### Working data
-- Opening Marker --

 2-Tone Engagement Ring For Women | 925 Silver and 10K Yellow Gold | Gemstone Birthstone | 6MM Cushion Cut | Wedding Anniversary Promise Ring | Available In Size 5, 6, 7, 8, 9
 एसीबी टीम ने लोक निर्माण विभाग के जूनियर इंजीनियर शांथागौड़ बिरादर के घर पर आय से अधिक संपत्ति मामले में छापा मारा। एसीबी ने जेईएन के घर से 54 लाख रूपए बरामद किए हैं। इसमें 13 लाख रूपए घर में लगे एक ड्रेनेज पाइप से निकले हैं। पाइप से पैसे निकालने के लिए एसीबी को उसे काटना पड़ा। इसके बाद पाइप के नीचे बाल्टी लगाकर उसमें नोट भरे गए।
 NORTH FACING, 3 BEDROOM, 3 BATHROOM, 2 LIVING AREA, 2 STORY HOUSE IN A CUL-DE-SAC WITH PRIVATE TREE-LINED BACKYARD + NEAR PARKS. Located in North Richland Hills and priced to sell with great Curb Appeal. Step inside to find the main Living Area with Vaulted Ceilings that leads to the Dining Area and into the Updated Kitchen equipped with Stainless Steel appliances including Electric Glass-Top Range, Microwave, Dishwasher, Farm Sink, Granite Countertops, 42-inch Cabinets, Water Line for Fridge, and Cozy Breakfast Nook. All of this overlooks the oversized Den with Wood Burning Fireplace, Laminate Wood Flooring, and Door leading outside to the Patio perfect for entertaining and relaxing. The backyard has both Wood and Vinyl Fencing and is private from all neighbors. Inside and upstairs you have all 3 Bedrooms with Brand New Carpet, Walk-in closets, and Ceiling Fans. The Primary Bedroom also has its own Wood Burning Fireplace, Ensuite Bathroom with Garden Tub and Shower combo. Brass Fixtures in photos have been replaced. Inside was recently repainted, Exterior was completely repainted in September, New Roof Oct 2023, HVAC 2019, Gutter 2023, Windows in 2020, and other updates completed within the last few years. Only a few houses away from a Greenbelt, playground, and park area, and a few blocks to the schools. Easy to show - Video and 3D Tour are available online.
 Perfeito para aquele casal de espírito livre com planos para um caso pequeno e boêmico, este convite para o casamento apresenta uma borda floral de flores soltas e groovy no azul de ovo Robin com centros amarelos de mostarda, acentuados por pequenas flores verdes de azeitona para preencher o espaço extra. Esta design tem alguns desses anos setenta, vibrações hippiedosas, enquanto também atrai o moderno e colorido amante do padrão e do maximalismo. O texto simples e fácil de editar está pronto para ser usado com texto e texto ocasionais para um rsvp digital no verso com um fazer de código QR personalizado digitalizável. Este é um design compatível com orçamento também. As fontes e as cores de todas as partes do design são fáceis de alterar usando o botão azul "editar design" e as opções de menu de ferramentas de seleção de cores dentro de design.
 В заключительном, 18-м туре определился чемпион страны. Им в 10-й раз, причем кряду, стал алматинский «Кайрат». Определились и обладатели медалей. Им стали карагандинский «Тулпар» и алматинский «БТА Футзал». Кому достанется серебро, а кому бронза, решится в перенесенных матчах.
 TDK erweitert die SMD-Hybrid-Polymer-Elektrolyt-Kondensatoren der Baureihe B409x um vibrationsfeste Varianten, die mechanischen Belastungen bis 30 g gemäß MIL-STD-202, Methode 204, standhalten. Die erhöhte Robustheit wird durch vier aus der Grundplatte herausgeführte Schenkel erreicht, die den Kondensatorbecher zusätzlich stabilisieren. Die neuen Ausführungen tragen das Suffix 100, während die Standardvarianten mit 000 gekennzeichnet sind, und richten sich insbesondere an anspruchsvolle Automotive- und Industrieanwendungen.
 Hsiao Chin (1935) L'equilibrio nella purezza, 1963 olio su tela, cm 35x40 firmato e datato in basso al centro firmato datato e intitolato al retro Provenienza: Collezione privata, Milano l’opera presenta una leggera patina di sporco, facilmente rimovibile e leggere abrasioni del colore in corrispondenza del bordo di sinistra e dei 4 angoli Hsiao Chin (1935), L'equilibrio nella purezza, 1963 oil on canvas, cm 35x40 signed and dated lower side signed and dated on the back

-- Closing Marker --
-- Opening Marker --

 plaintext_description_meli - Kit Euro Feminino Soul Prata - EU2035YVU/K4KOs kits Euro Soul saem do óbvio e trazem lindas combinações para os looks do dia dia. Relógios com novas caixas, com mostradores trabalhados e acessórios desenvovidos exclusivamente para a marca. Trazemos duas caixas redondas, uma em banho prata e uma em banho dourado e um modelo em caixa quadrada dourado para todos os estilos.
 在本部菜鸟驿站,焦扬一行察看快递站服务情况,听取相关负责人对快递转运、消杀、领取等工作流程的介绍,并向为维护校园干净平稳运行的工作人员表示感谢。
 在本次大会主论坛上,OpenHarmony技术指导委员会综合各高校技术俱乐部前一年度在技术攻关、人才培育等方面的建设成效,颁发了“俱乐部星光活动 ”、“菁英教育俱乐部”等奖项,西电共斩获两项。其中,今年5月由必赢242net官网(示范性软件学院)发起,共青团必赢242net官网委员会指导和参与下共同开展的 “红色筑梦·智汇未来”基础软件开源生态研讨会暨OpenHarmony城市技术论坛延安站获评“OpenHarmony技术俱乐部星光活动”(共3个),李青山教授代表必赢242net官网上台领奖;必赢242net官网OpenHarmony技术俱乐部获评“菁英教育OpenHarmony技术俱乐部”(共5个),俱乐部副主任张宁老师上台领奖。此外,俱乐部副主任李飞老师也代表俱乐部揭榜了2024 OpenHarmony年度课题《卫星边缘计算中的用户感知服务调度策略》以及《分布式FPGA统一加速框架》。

-- Closing Marker --

### What is being asked
Give the count of lines above that include the word "para", stating no other information.

### Solution below
2